### Task
Reproduce the lines below exactly. Skip images.

### Source data

╔══

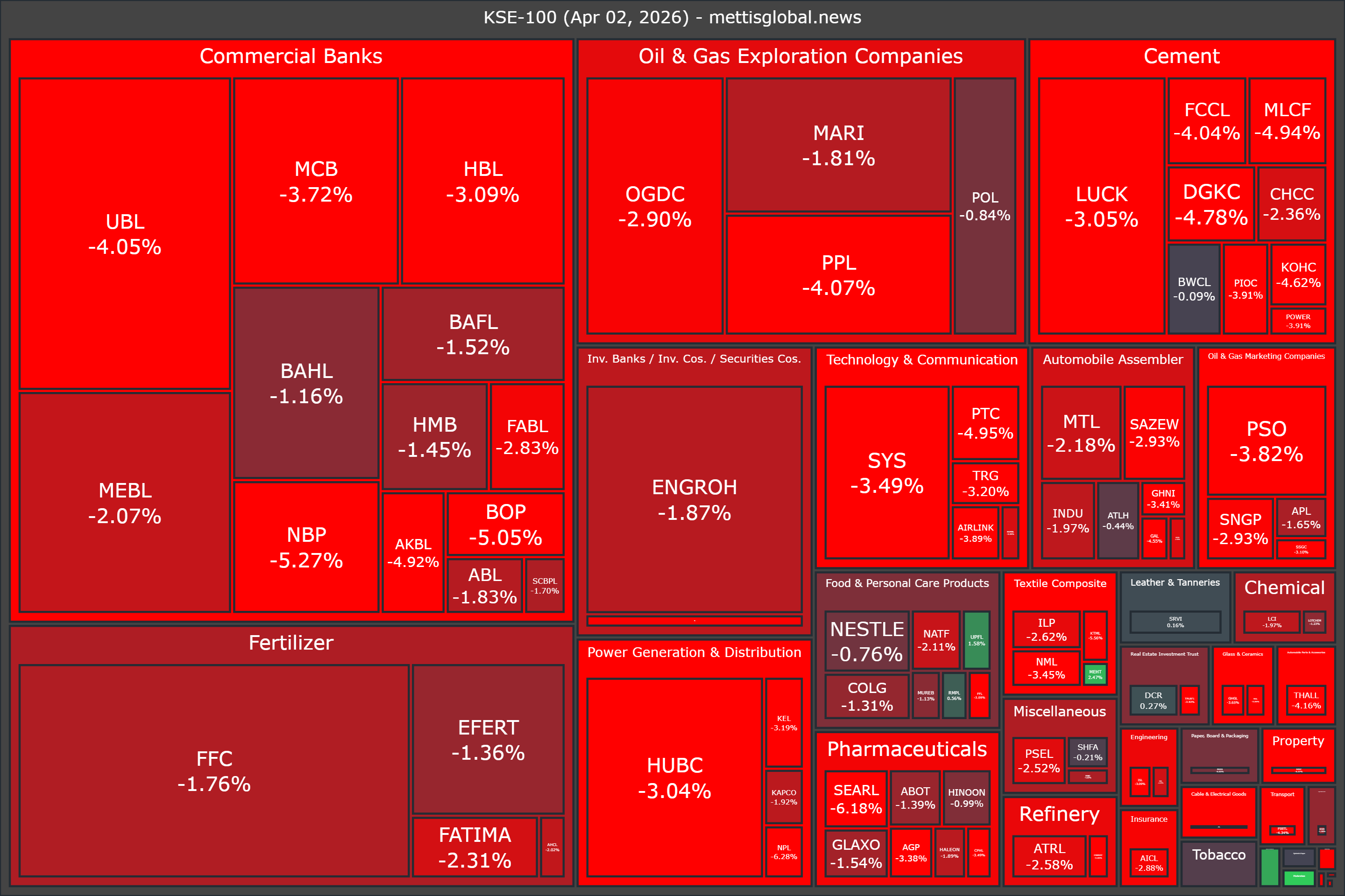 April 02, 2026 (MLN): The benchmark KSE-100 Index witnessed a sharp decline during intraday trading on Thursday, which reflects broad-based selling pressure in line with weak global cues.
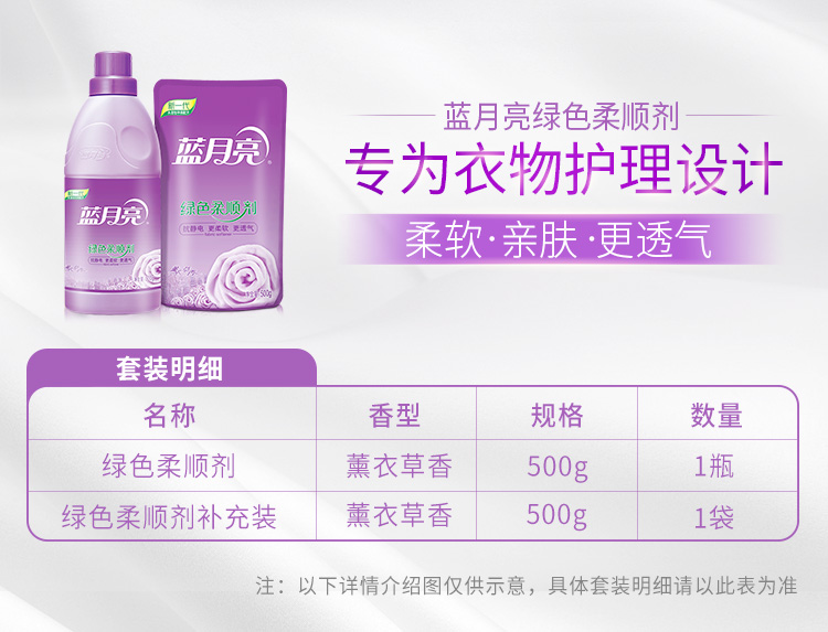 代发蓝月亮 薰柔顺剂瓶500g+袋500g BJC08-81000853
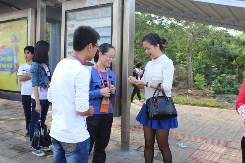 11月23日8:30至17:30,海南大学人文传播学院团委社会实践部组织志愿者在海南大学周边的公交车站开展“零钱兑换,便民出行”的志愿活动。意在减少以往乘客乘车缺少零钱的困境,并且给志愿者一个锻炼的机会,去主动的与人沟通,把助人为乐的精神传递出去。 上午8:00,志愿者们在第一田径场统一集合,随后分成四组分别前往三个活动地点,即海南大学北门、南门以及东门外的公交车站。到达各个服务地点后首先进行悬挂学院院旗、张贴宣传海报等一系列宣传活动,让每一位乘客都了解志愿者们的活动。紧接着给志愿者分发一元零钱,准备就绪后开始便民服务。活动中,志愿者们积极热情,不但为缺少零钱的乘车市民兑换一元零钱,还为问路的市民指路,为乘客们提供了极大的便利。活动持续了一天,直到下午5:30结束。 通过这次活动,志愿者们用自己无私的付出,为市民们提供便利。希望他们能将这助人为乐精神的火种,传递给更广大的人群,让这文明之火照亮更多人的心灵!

╚══

### Answer section
 April 02, 2026 (MLN): The benchmark KSE-100 Index witnessed a sharp decline during intraday trading on Thursday, which reflects broad-based selling pressure in line with weak global cues.
 代发蓝月亮 薰柔顺剂瓶500g+袋500g BJC08-81000853
 11月23日8:30至17:30,海南大学人文传播学院团委社会实践部组织志愿者在海南大学周边的公交车站开展“零钱兑换,便民出行”的志愿活动。意在减少以往乘客乘车缺少零钱的困境,并且给志愿者一个锻炼的机会,去主动的与人沟通,把助人为乐的精神传递出去。 上午8:00,志愿者们在第一田径场统一集合,随后分成四组分别前往三个活动地点,即海南大学北门、南门以及东门外的公交车站。到达各个服务地点后首先进行悬挂学院院旗、张贴宣传海报等一系列宣传活动,让每一位乘客都了解志愿者们的活动。紧接着给志愿者分发一元零钱,准备就绪后开始便民服务。活动中,志愿者们积极热情,不但为缺少零钱的乘车市民兑换一元零钱,还为问路的市民指路,为乘客们提供了极大的便利。活动持续了一天,直到下午5:30结束。 通过这次活动,志愿者们用自己无私的付出,为市民们提供便利。希望他们能将这助人为乐精神的火种,传递给更广大的人群,让这文明之火照亮更多人的心灵!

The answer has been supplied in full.